__ACTION ITEM__
Without the pictures, copy all the entries below exactly.

%%

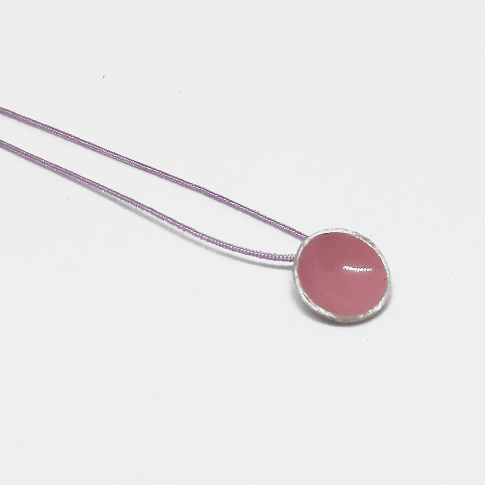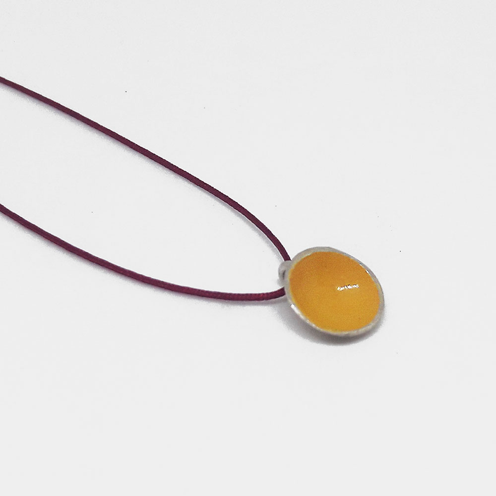 Silver pendant with enamel on cord
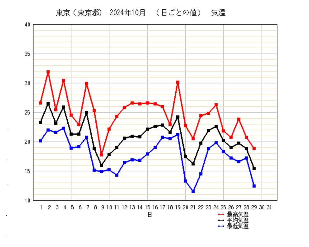 気象庁のHPより気温の推移を確認したところ、10月は徐々に右肩下がりで低下しております。今日の最低気温が12℃でグラフの青色の線が一段と下がっております。グラフの集計が29日までとなりますが、9日、21日、29日の平均気温が一段と下がっており、29日の平均気温は15℃台となっております。
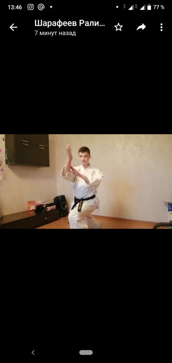 Шарафеев Марат Ралифович руководитель объединения "Карате" провел занятие на платформе Zoom по теме: Совершенствование ката.
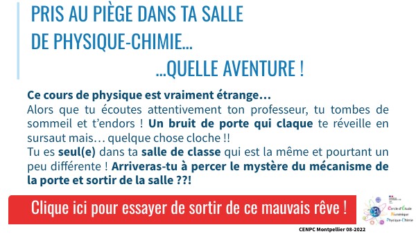 Ce cours de physique est vraiment étrange…Alors que tu écoutes attentivement ton professeur, tu tombes de sommeil et t’endors ! Un bruit de porte qui claque te réveille en sursaut mais… quelque chose cloche !! Tu es seul(e) dans ta salle de classe qui est la même et pourtant un peu différente ! Arriveras-tu à percer le mystère du mécanisme de la porte et sortir de la salle ??!
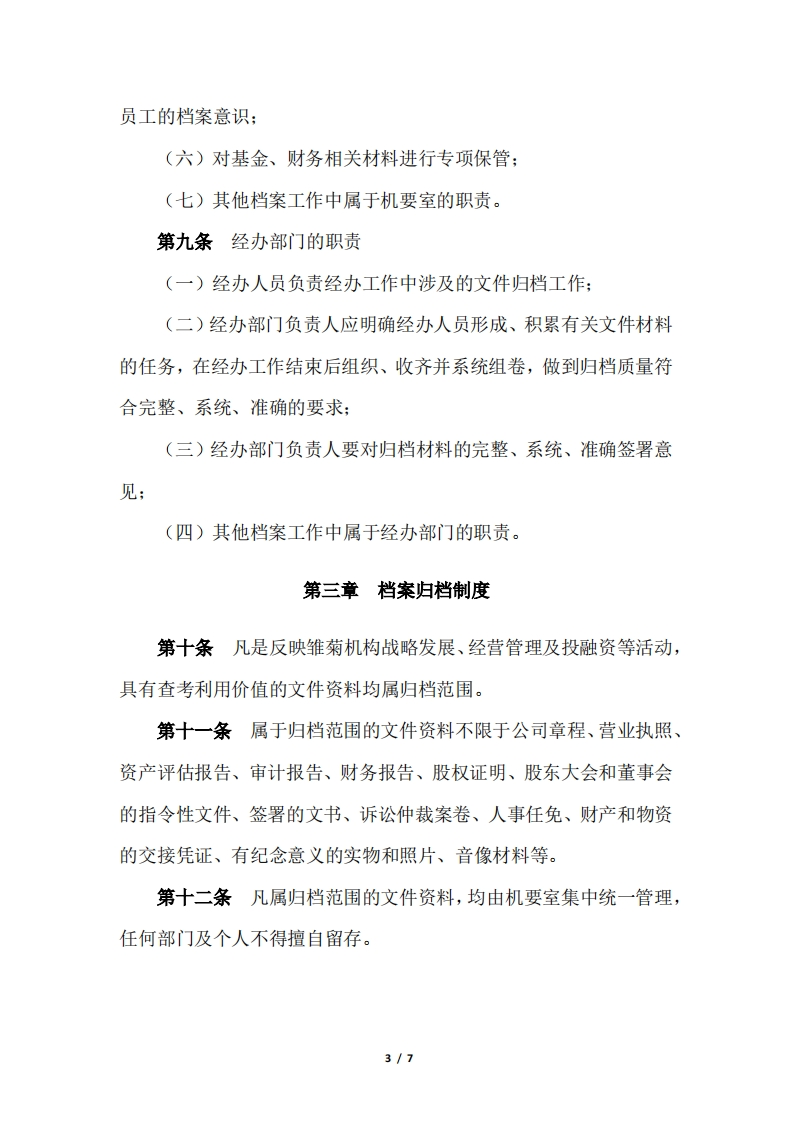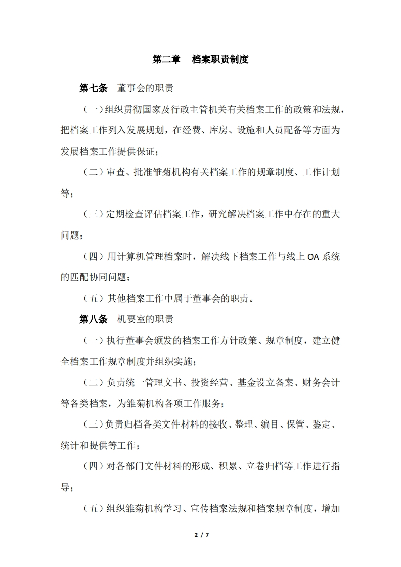 米雏菊1机构《档案管理办法》第一章总则第一条根据《中华人民共和国档案法》、《企业档案管理办法》和国家档案管理工作的标准,加强雏菊机构各类档案的收集、整理、和管理工作,有效保护和利用档案,使其更好地为雏菊机构的管理、经营等各项工作服务,特制定本办法。第二条雏菊机构的档案是指在经营、管理等各项工作中直接形成的对国家、社会和雏菊机构具有保存价值的各种文本、图表、音像等不同形式和载体的历史记录,是雏菊机构的知识产权凭证。第三条雏菊机构各种门类、载体的档案实行集中统一管理的原则。第四条雏菊机构档案工作由行政管理部分管,设立机要室,负责对档案工作实行统筹规划、组织协调、建立健全规章制度,在档案工作中进行监督和指导。第五条各部门应将文件材料的形成、积累、整理和归档工作纳入日常工作计划,实行岗位职责制。第六条没有办理归档手续或归档文件不完整、不准确的部门或项目不予申报绩效考核。1/7

%%

__RESPONSE__
 Silver pendant with enamel on cord
 気象庁のHPより気温の推移を確認したところ、10月は徐々に右肩下がりで低下しております。今日の最低気温が12℃でグラフの青色の線が一段と下がっております。グラフの集計が29日までとなりますが、9日、21日、29日の平均気温が一段と下がっており、29日の平均気温は15℃台となっております。
 Шарафеев Марат Ралифович руководитель объединения "Карате" провел занятие на платформе Zoom по теме: Совершенствование ката.
 Ce cours de physique est vraiment étrange…Alors que tu écoutes attentivement ton professeur, tu tombes de sommeil et t’endors ! Un bruit de porte qui claque te réveille en sursaut mais… quelque chose cloche !! Tu es seul(e) dans ta salle de classe qui est la même et pourtant un peu différente ! Arriveras-tu à percer le mystère du mécanisme de la porte et sortir de la salle ??!
 米雏菊1机构《档案管理办法》第一章总则第一条根据《中华人民共和国档案法》、《企业档案管理办法》和国家档案管理工作的标准,加强雏菊机构各类档案的收集、整理、和管理工作,有效保护和利用档案,使其更好地为雏菊机构的管理、经营等各项工作服务,特制定本办法。第二条雏菊机构的档案是指在经营、管理等各项工作中直接形成的对国家、社会和雏菊机构具有保存价值的各种文本、图表、音像等不同形式和载体的历史记录,是雏菊机构的知识产权凭证。第三条雏菊机构各种门类、载体的档案实行集中统一管理的原则。第四条雏菊机构档案工作由行政管理部分管,设立机要室,负责对档案工作实行统筹规划、组织协调、建立健全规章制度,在档案工作中进行监督和指导。第五条各部门应将文件材料的形成、积累、整理和归档工作纳入日常工作计划,实行岗位职责制。第六条没有办理归档手续或归档文件不完整、不准确的部门或项目不予申报绩效考核。1/7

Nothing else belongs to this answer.